Sure.  I understand that we should be careful about the user space
interface.  I will send out a new version together with the man pages
and numactl patches with all your comments addressed.

Best Regards,
Huang, Ying
diff mbox series

Patch

diff --git a/include/uapi/linux/mempolicy.h b/include/uapi/linux/mempolicy.h
index 3354774af61e..adb49f13840e 100644
--- a/include/uapi/linux/mempolicy.h
+++ b/include/uapi/linux/mempolicy.h
@@ -28,12 +28,14 @@  enum {
 /* Flags for set_mempolicy */
 #define MPOL_F_STATIC_NODES	(1 << 15)
 #define MPOL_F_RELATIVE_NODES	(1 << 14)
+#define MPOL_F_AUTONUMA		(1 << 13) /* Optimize with AutoNUMA if possible */
 
 /*
  * MPOL_MODE_FLAGS is the union of all possible optional mode flags passed to
  * either set_mempolicy() or mbind().
  */
-#define MPOL_MODE_FLAGS	(MPOL_F_STATIC_NODES | MPOL_F_RELATIVE_NODES)

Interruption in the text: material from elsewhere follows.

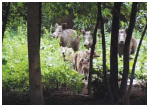
Divočák – černá zvěř – rodina

K nebyvalému růstu početních stavů černé došlo z několika navzájem se podporujících příčin. Tato zvěř se vyznačuje neobyčejnou plodností, kdy bachyně metá (rodí) 4 až 10, ale i více selat, a v době dostatku potravy a vhodných klimatických podmínek i dvakrát ročně. Ze stejných důvodů se dostávají do chrutí (říje) stále mladší samice a nárůst početních stavů se tak zrychluje. Druhým důvodem je velkoplošné zemědělské hospodaření, kdy na velkých lánech se pěstují plodiny, ve kterých nachází černá zvěř po většinu roku obživu a kryt. Jedná se hlavně o kukuřici a řepku, jak se může každý přesvědčit na vlastní oči, když se rozhlédne po našich polích. Kromě toho je divoké prase všežravec a dokáže se obživit i v podmínkách méně příznivých. Jeho potravou jsou různé rostliny, výhonky, kořínky, bukvice, žaludy, zrní, ovoce, ale i hmyz, myšovití a mršiny. Smlsne si však také na mláďatech jiných živočichů. Černá zvěř dokáže putovat za potravou i několik kilometrů při svých, hlavně nočních, přesunech. Dalším důvodem přemnožení je absence velkých šelem, jako je medvěd, rys nebo vlk v naší přírodě.

+#define MPOL_MODE_FLAGS							\
+	(MPOL_F_STATIC_NODES | MPOL_F_RELATIVE_NODES | MPOL_F_AUTONUMA)
 
 /* Flags for get_mempolicy */
 #define MPOL_F_NODE	(1<<0)	/* return next IL mode instead of node mask */
diff --git a/mm/mempolicy.c b/mm/mempolicy.c
index 3ca4898f3f24..dc77827e8c08 100644
--- a/mm/mempolicy.c
+++ b/mm/mempolicy.c
@@ -875,6 +875,9 @@  static long do_set_mempolicy(unsigned short mode, unsigned short flags,
 		goto out;
 	}
 
+	if (new && new->mode == MPOL_BIND && (flags & MPOL_F_AUTONUMA))

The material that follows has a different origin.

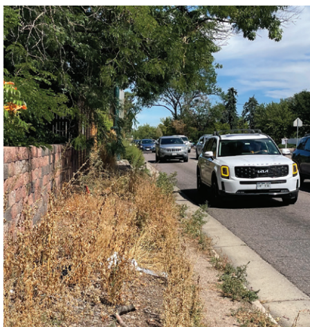
Colorado y 3rd Ave.

+		new->flags |= (MPOL_F_MOF | MPOL_F_MORON);
+
 	ret = mpol_set_nodemask(new, nodes, scratch);
 	if (ret) {
 		mpol_put(new);
@@ -2490,6 +2493,12 @@  int mpol_misplaced(struct page *page, struct vm_area_struct *vma, unsigned long
 		break;
 
 	case MPOL_BIND:
+		/* Optimize placement among multiple nodes via NUMA balancing */
+		if (pol->flags & MPOL_F_MORON) {
+			if (node_isset(thisnid, pol->v.nodes))
+				break;
+			goto out;
+		}
 
 		/*
 		 * allows binding to multiple nodes.